Australian Centre for Research on Separation Science (ACROSS), School of Physical Sciences-Chemistry , University of Tasmania , Private Bag 75 , Hobart , 7001 Tasmania , Australia.
Pfizer Global Research and Development , Sandwich CT139NJ , U.K.
Anal Chem. 2018 Aug 7;90(15):9434-9440. doi: 10.1021/acs.analchem.8b02084. Epub 2018 Jul 10.
Structure identification in nontargeted metabolomics based on liquid-chromatography coupled to mass spectrometry (LC-MS) remains a significant challenge. Quantitative structure-retention relationship (QSRR) modeling is a technique capable of accelerating the structure identification of metabolites by predicting their retention, allowing false positives to be eliminated during the interpretation of metabolomics data. In this work, 191 compounds were grouped according to molecular weight and a QSRR study was carried out on the 34 resulting groups to eliminate false positives. Partial least squares (PLS) regression combined with a Genetic algorithm (GA) was applied to construct the linear QSRR models based on a variety of VolSurf+ molecular descriptors. A novel dual-filtering approach, which combines Tanimoto similarity (TS) searching as the primary filter and retention index (RI) similarity clustering as the secondary filter, was utilized to select compounds in training sets to derive the QSRR models yielding R of 0.8512 and an average root mean square error in prediction (RMSEP) of 8.45%. With a retention index filter expressed as ±2 standard deviations (SD) of the error, representative compounds were predicted with >91% accuracy, and for 53% of the groups (18/34), at least one false positive compound could be eliminated. The proposed strategy can thus narrow down the number of false positives to be assessed in nontargeted metabolomics.
基于液相色谱与质谱联用(LC-MS)的非靶向代谢组学中的结构鉴定仍然是一个重大挑战。
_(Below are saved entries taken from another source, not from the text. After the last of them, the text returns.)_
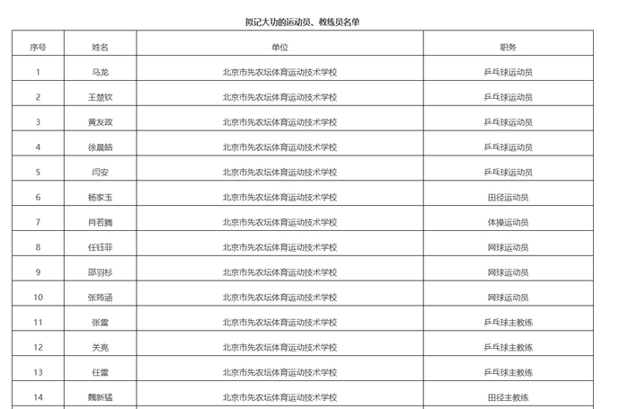 新京報訊 據體育北京官微消息,公示在第十五屆全國運動會,北京北京體育健兒頑強拼搏、擬對加拿大28 99预测團結協作,馬龍圓滿完成參賽任務,王楚為首都體育事業再創佳績。人記依據《北京市事業單位工作人員獎勵實施辦法》等文件規定,大功市人力資源社會保障局會同市體育局對在第十五屆全國運動會上作出杰出貢獻的公示北京運動員和教練員,開展記大功獎勵工作。北京根據獎勵工作部署,擬對加拿大28 99预测在有關單位積極推薦的馬龍基礎上,經綜合評審、王楚統籌考慮,人記確定北京乒乓球運動隊等9個集體,大功馬龍等28位同志擬記大功對象。公示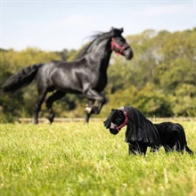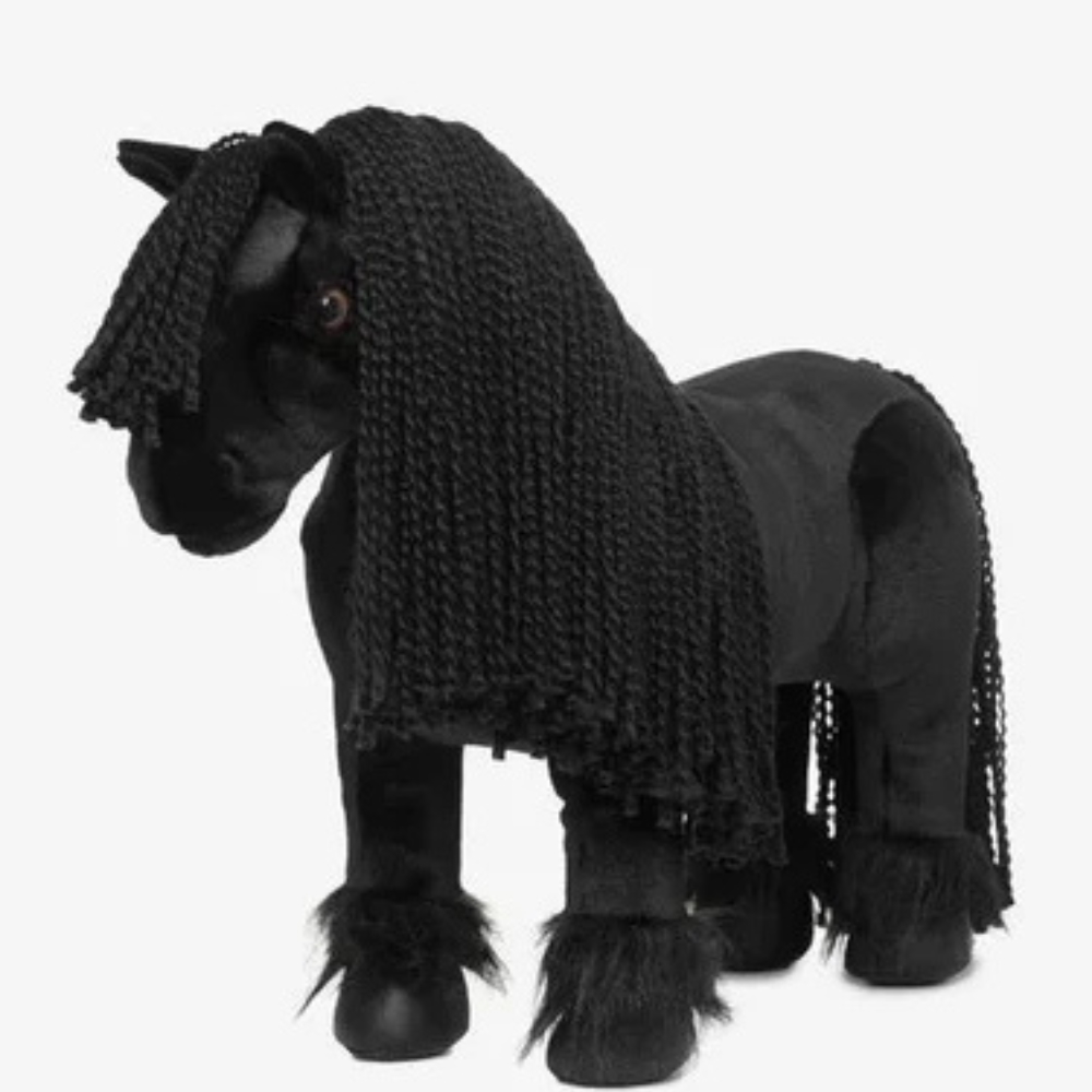 • Realistisches Friesen-Design – lange, flechtbare Mähne und Schweif, schwarzer Fesselbehang.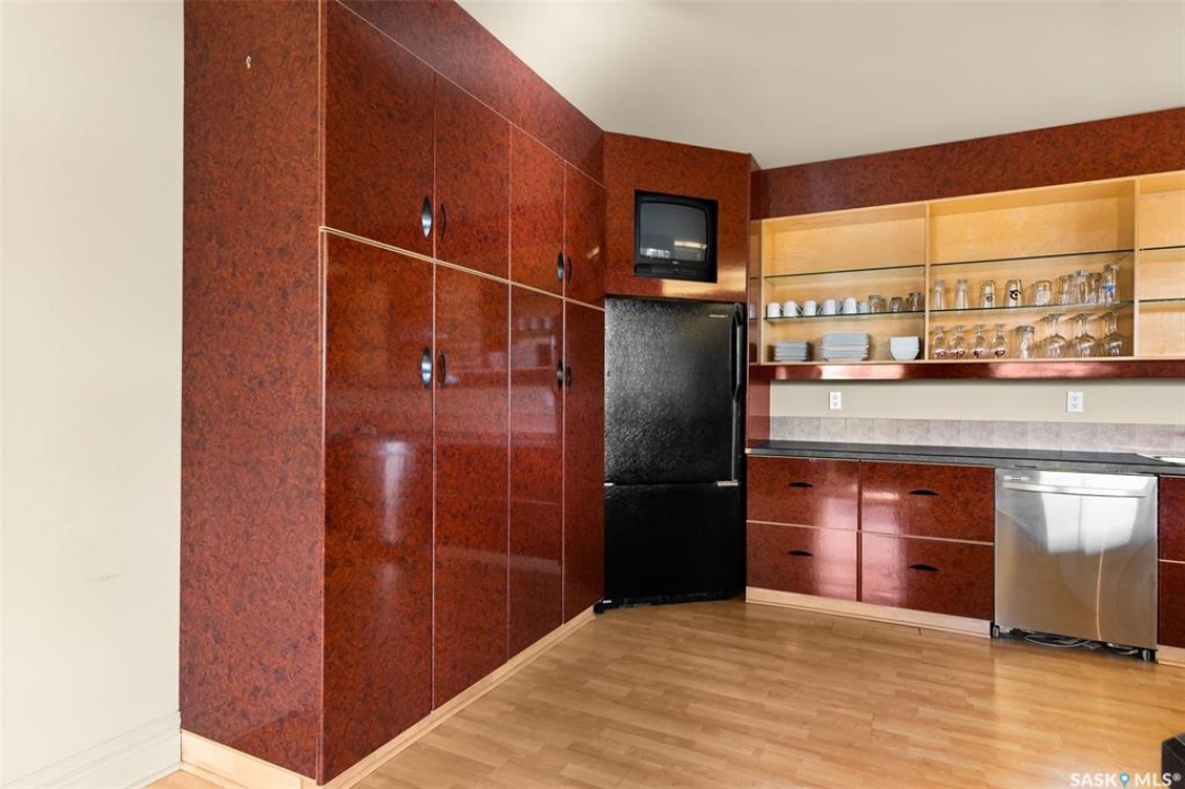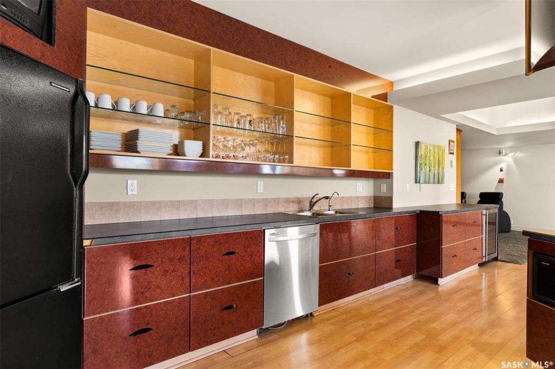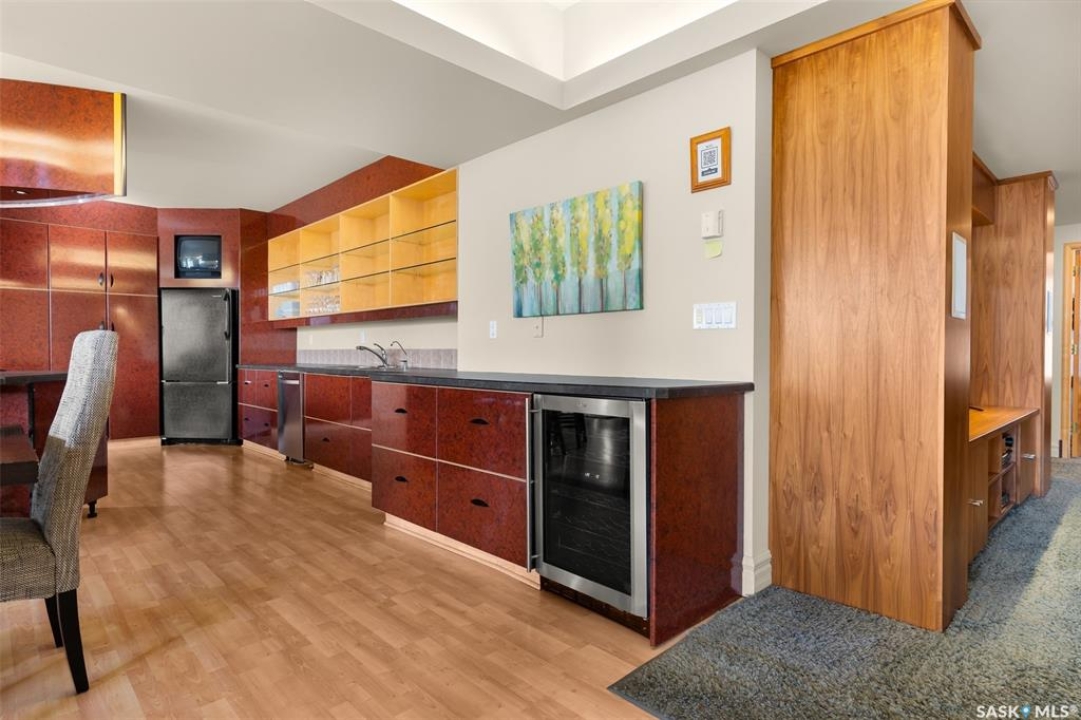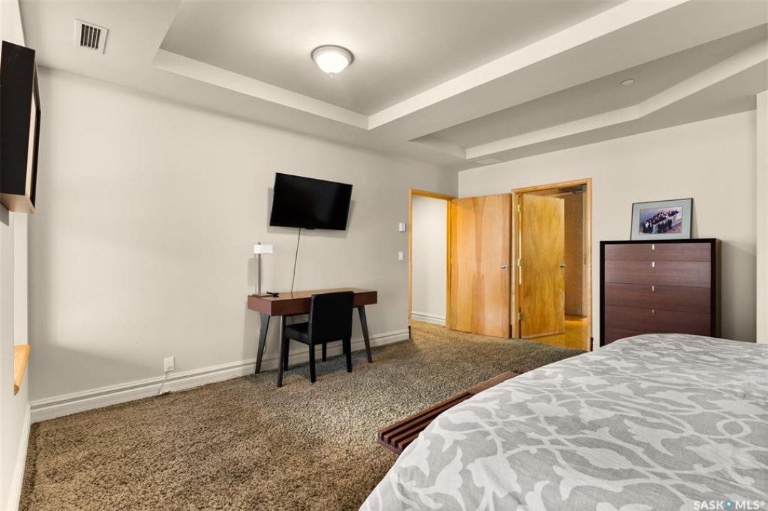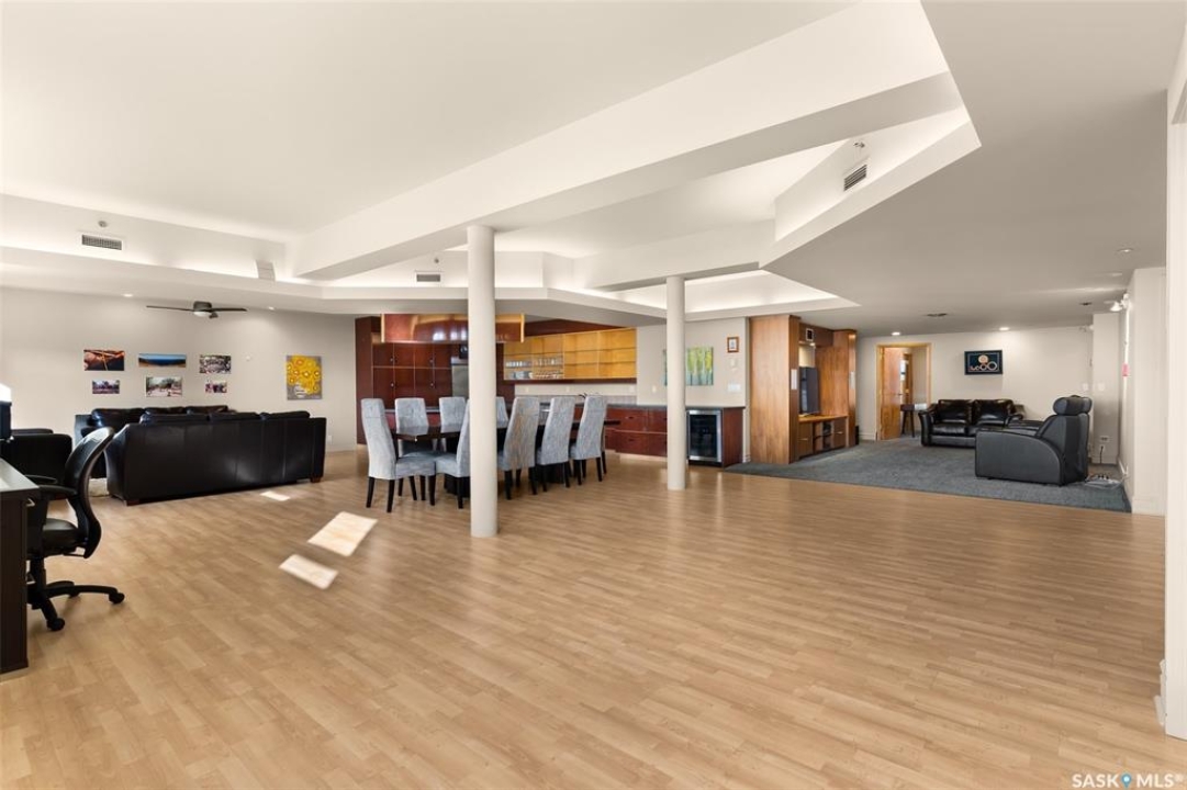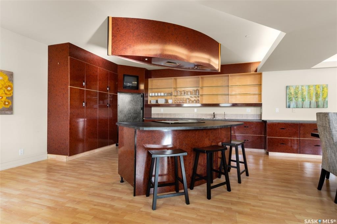 Experience executive loft living in the iconic Northern Bank Building, a historic landmark set in one of downtown's most sought after locations. Step off the private elevator directly into 2,532 square feet of open, airy living space designed for both entertaining and everyday comfort. This expansive residence features an open concept kitchen, dining, and living area, complemented by a dedicated theatre room, making it perfect for movie nights or hosting guests. Offering three bedrooms and three bathrooms, the layout balances generous space with thoughtful functionality. The primary suite impresses with a massive walk-in closet and a spa like, five piece ensuite. The second bedroom enjoys its own private three piece bathroom, while a spacious front room easily serves as a home office or third bedroom. Additional highlights include in-suite laundry and storage, exclusive access to a rooftop patio on the adjacent building, and two parking stalls in the heated underground parkade.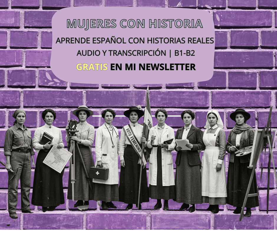 Recibe periódicamente historias de mujeres pioneras y referentes, con su audio y transcripción, para mejorar tu español de forma natural.

定量构效关系(QSRR)建模是一种能够通过预测代谢物的保留时间来加速代谢物结构鉴定的技术,从而在代谢组学数据分析解释过程中排除假阳性。在这项工作中,根据分子量将 191 种化合物进行分组,并对 34 个分组进行 QSRR 研究,以消除假阳性。偏最小二乘(PLS)回归结合遗传算法(GA)被应用于构建基于多种 VolSurf+分子描述符的线性 QSRR 模型。一种新的双过滤方法,将相似度搜索(TS)作为主要过滤器和保留指数(RI)相似性聚类作为次要过滤器相结合,用于选择训练集中的化合物以获得 QSRR 模型,其 R 为 0.8512,平均预测均方根误差(RMSEP)为 8.45%。对于保留指数过滤器,表达为误差的±2 个标准差(SD),代表性化合物的预测准确率>91%,对于 53%的组(18/34),至少可以消除一个假阳性化合物。因此,该策略可以减少非靶向代谢组学中需要评估的假阳性数量。